R=[-2436.45; -2436.45; 6891.0379];
V=[5.088611; -5.088611; 0];
x0=[R;V];
x0=x0*1000;
dt=1;
tVector=linspace(0,86400,2);
xfinal=rk4_2(x0,dt,tVector);
format longG
disp(xfinal(end,:))
%random noise
sz=size(xfinal(:,1:3));
error= 1/sqrt(3);
random=randn(sz)*error;
stateserror(:,1:3)=random+xfinal(:,1:3);
stateserror(:,4:6)=xfinal(:,4:6);
whos stateserror
stateserror is 2 x 6
%% Gibbs and Herrick loop
i=10;
Notice that i starts at 10
k=1;
tmax=20*60;
while i<=tmax/2
r1=stateserror(1,1:3);
That is okay because you are accessing fixed row 1 (out of 2)
r2=stateserror(i+1,1:3);
but i is 10 so that is asking for row 11 (out of 2)

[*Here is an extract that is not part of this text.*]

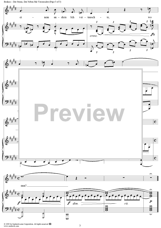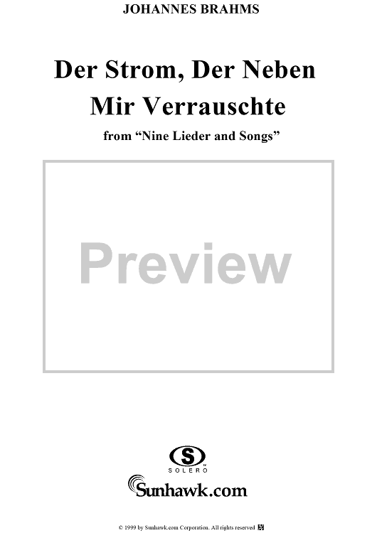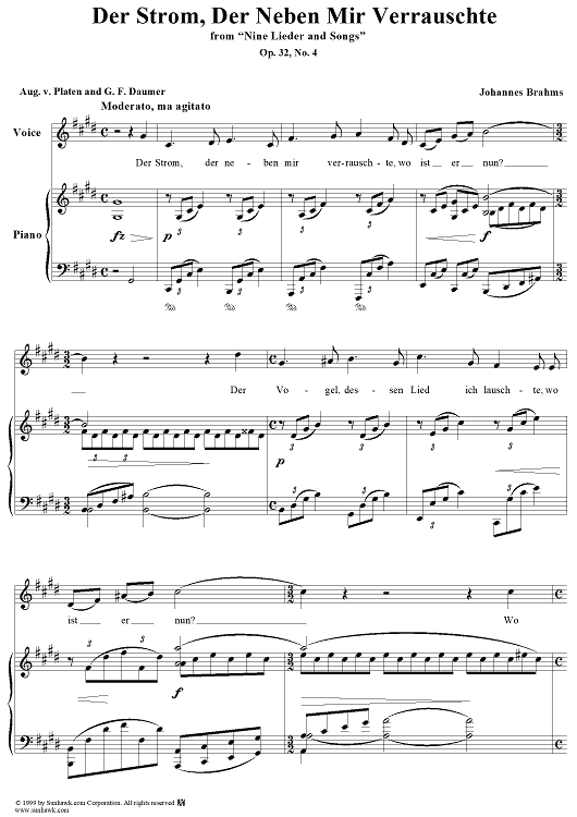 Digital Sheet Music for Nine Lieder and Songs, op. 32, no. 4, Der Strom, der neben mir verrauschte by Johannes Brahms, Georg Friedrich Daumer, August von Platen scored for Voice/Piano; id:274130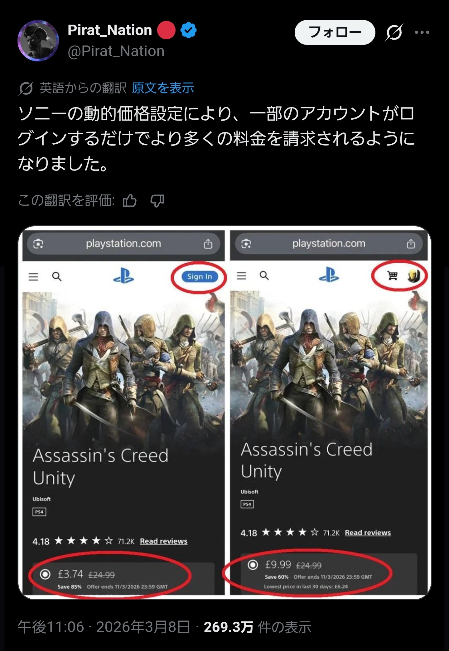 同じゲームが異なる価格で表示される状況に陥ってしまうようだ。

r3=stateserror(i+2+1,1:3);
and that would ask for row 13 (out of 2)
r1magnitude=(r1);
r2magnitude=(r2);
r3magnitude=(r3);
z12=cross(r1,r2);
z31=cross(r3,r1);
z23=cross(r2,r3);
%Angels
angle12=acosd(dot(r1,r2)/(norm(r1*norm(r2))));
angle23=acosd(dot(r2,r3)/(norm(r2*norm(r3))));
angle13=acosd(dot(r1,r3)/(norm(r1*norm(r3))));
%Gibbs
N=r1magnitude.*z23+r2magnitude.*z21+r3magnitude.z12;
Nmag=norm(B);
D=z12+z23+z31;
Dmag=norm(D);
S=(r2magnitude-r2magnitude).*r1+(r3magnitude-r1magnitude).*r2+(r1magnitude-r2magnitude).*r3;
B=cross(D,r2);
Lg=sqrt(mu/(Nmag*Dmag));
v2G=Lg.*B/r2m+Lg.*S;
v2Gm=norm(v2gG);
statesm=norm(states(i,4:6));
Gibb_error=abs((V2Gm-statesm)/statesm)*100;
%Herrick
t31=2*i;
t32=i;
t21=i;
v2HG=-t32*((1/(t21*t31))+(mu/(12*r1magnitude^3)).*r1+(t32-t21)*(1/(t21*t32))+(mu/(12*r2magnitude^3)).*r2+t21*(1/(t32*t31))+(mu/(12*r3magnitude^3)).*r3);
v2HGm=norm(v2HG);
HGibb_error=abs((v2HGm-statesm)/statesm)*100;
angle(k,1)=angle13;
k=k+1;
i=i+10;
end
and nothing in your code grows stateserror, so it has to be pre-created to be 3 more than the largest possible i value you can get (so, 20*60/2 + 3 == 603)
Perhaps you need a longer time vector?